• Task requirements: Retype, exactly as they stand, the lines from the start of the data to the line that contains "Pimpinan LBH Sarnelli, P.", both ends included. Leave the pictures out.

• Data shown:
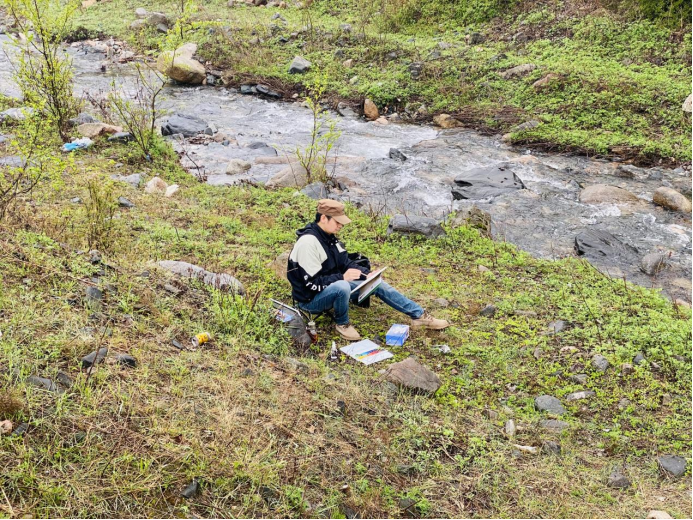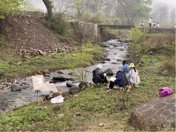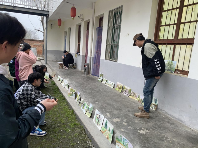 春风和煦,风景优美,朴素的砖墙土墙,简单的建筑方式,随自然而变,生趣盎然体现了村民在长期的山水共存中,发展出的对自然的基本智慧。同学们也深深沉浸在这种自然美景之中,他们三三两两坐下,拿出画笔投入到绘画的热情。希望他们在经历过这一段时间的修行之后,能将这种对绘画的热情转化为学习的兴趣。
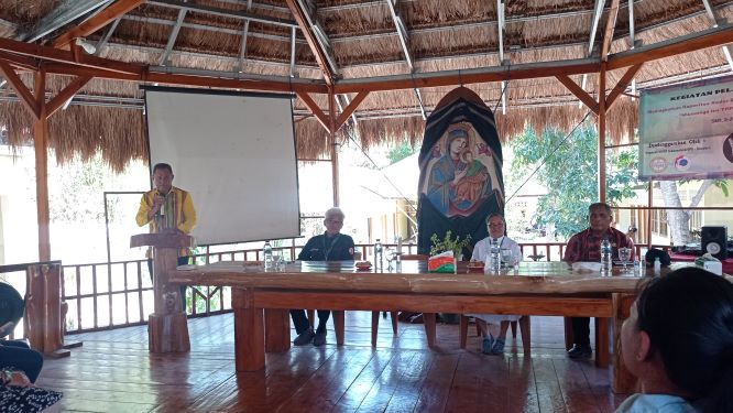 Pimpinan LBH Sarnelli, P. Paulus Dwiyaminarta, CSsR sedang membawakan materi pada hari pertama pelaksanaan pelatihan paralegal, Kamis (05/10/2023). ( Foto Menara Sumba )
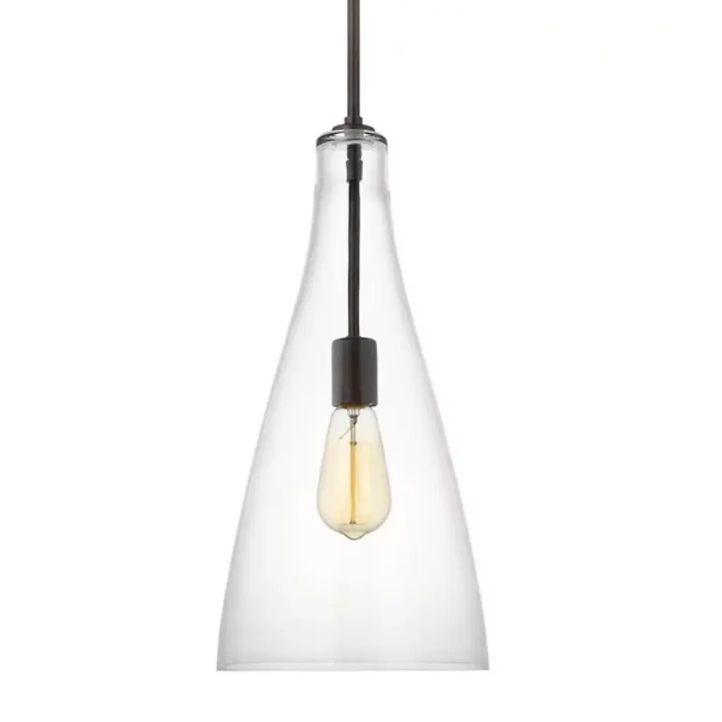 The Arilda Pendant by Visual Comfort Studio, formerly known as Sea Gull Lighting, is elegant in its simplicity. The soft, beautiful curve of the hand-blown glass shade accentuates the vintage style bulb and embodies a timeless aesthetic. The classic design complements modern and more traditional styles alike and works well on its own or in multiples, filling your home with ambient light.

• Expected output:
 春风和煦,风景优美,朴素的砖墙土墙,简单的建筑方式,随自然而变,生趣盎然体现了村民在长期的山水共存中,发展出的对自然的基本智慧。同学们也深深沉浸在这种自然美景之中,他们三三两两坐下,拿出画笔投入到绘画的热情。希望他们在经历过这一段时间的修行之后,能将这种对绘画的热情转化为学习的兴趣。
 Pimpinan LBH Sarnelli, P. Paulus Dwiyaminarta, CSsR sedang membawakan materi pada hari pertama pelaksanaan pelatihan paralegal, Kamis (05/10/2023). ( Foto Menara Sumba )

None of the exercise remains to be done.